I think that his situation is really a very specific, unique situation, so the people who will really be able to answer your questions are his own doctors. There is not enough information out there in the world about what to expect for someone with his history, so I think that the only people who would be able to say anything of value are the ones directly involved with his case and ongoing care.

-Dr. West

Dr. Howard (Jack) West
Associate Clinical Professor
Medical Oncology
City of Hope Cancer Center
Duarte, CA

Founder & President
Global Resource for Advancing
Cancer Education

dr. weiss
Reply To: Recurrent throat cancer

As Dr. West notes, there is not nearly enough information here to say a lot particular to your uncle's case. This is not a failure of any kind on your part--no non-physician (actually, no none cancer physician) would be able to give enough information to approach that level of detail. That said, I will attempt to share a few general principals that I hope may help.

Most cancers of the head/neck and many esophageal cancers are squamous cell cancers. These squamous cell cancers in this region tend to recur locally more than spread distantly. This is in contrast to, say, lung cancer, which, when it comes back, very often comes back all over the body. That said, before considering a heroic-type surgery, full body imaging to rule out spread is standard of care. New second primary cancers are also a big problem with smoking-related squamous cancers. This happens not because the old cancer comes back, but because of an effect that we call "field cancerization." In field cancerization, the smoking has caused healthy cells to acquire mutations. In addition to the one cell that acquired enough mutations to go bad, there are other nearby cells with almost enough mutations--any further mistakes in the DNA (whether b/c of smoking, drinking, environmental exposures that are all around us, or just plain bad luck) can push these cells that are on the edge over into cancer.

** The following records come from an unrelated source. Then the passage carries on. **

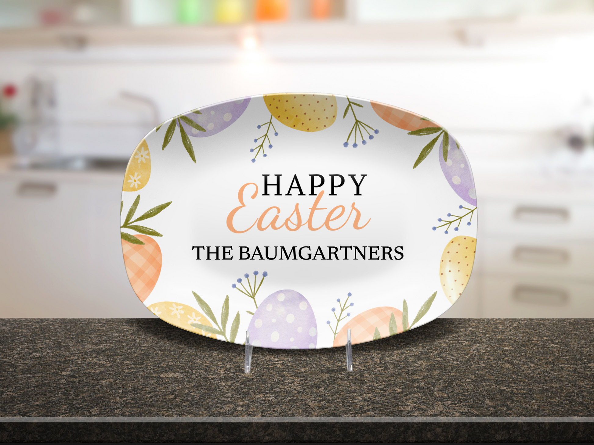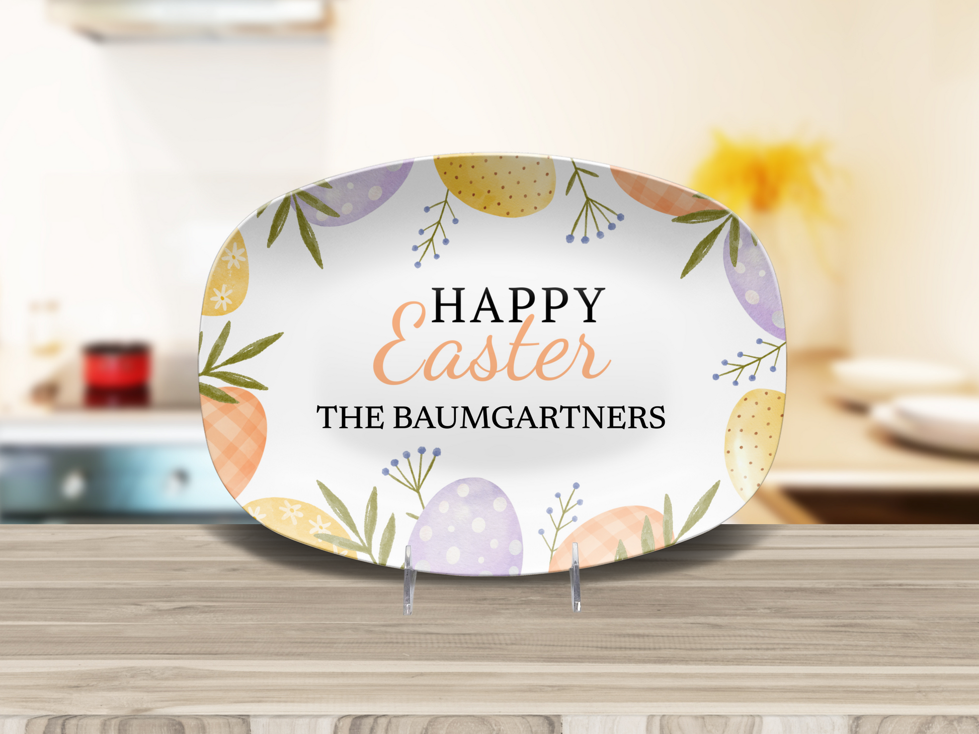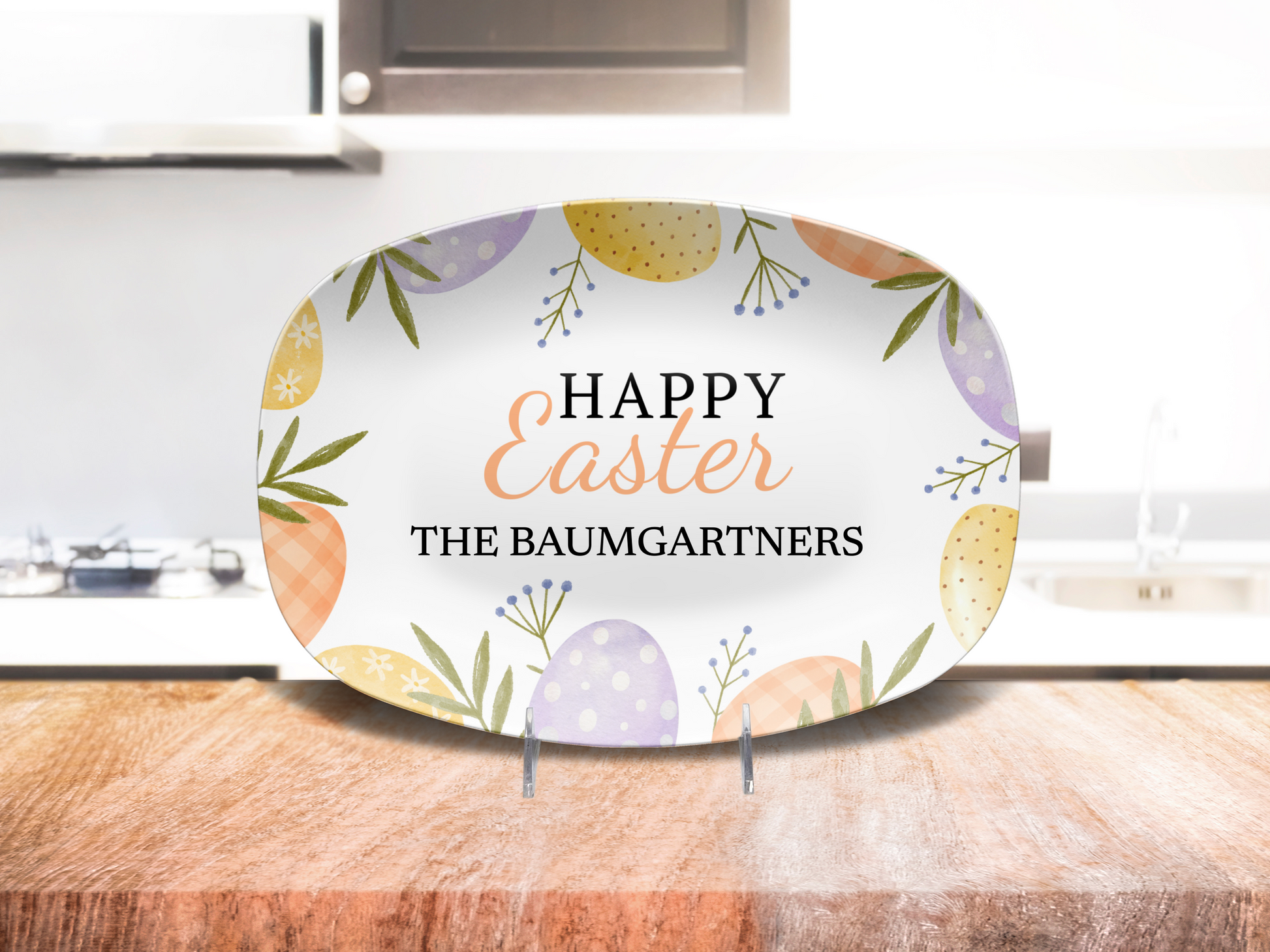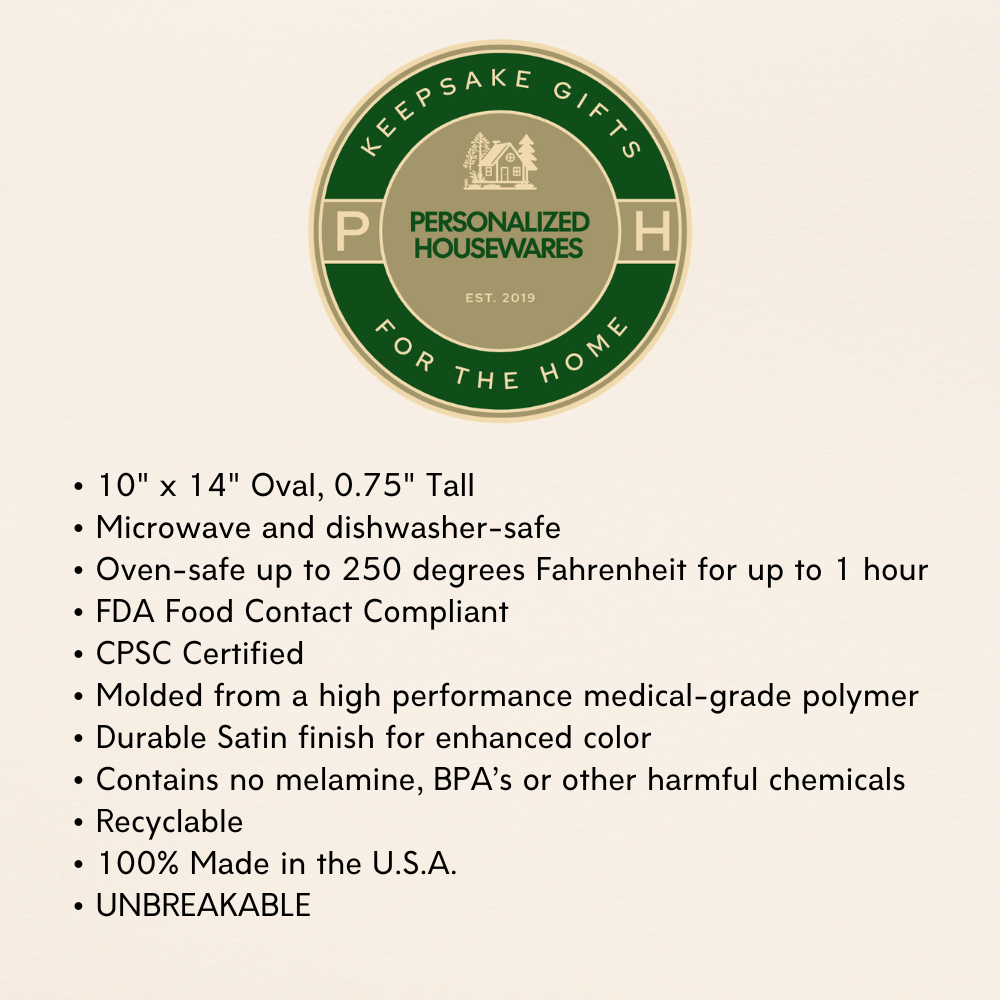 Whether you're hosting a family BBQ or a holiday dinner or want a beautiful centerpiece, our Personalized Family Name Serving Platter is the perfect choice! This elegant 10" x 14" oval platter combines function and style, making it an ideal addition to any gathering.
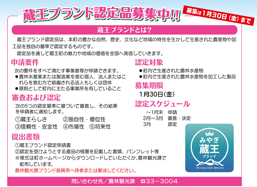 蔵王ブランド認定品募集中!!
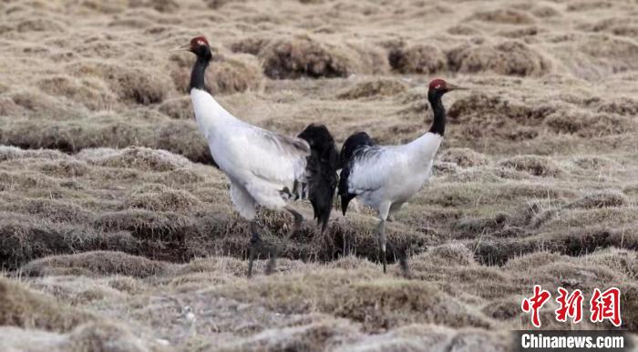 “鳥類大熊貓”黑頸鶴群“落戶”祁連山木裏濕地
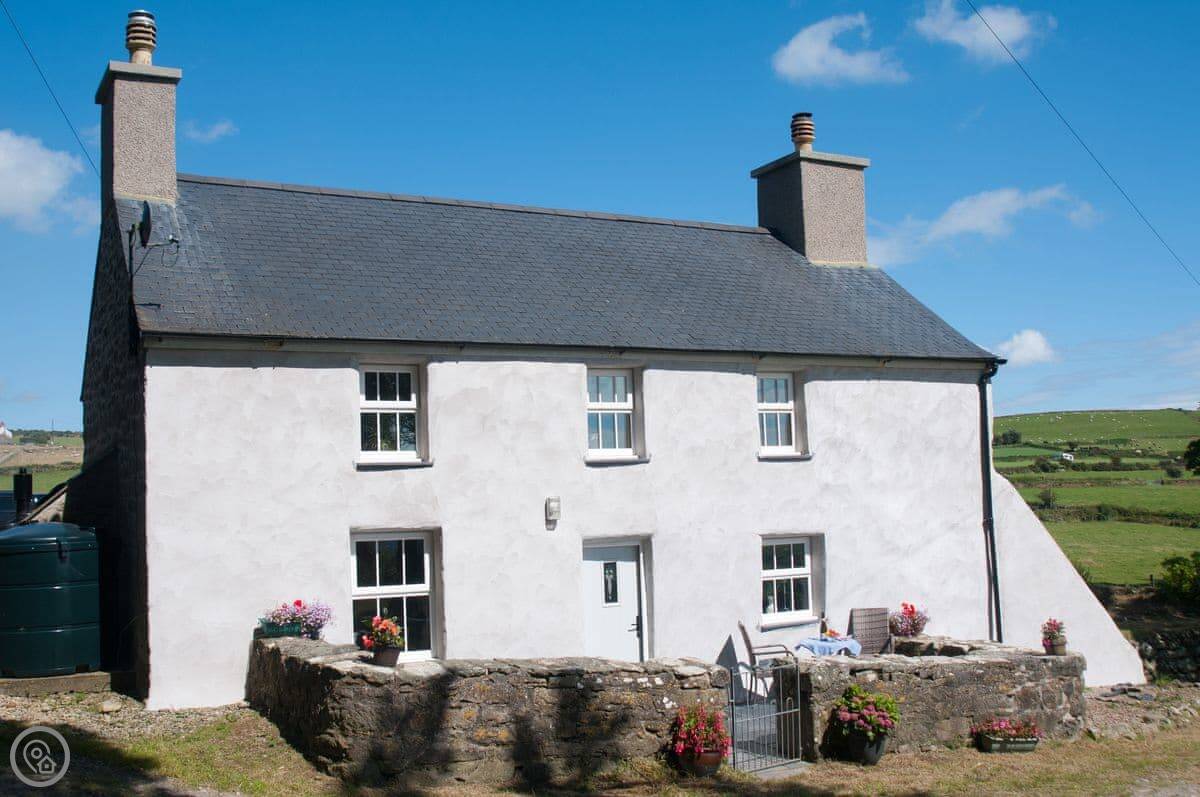 Bwlchgroes is in Garnfadryn, on the Llŷn Peninsula. It's a detached stone farmhouse. We think it dates from about 1840, possibly earlier. You're on your own up here, just fields and views.

Your question about speech is a good one. The answer depends on the anatomy of what is planned. I encourage you to ask his doctor.

Every patient is entitled to good pain control. If it is not adequate, you should tell the doctor and he/she can adjust pain medicines. If this approach does not work, a pain specialist can often be helpful.

Has your uncle seen a cancer counsellor? In my center, and many others, there are specialists in the emotional needs of cancer patients who can help with both counseling and practical suggestions.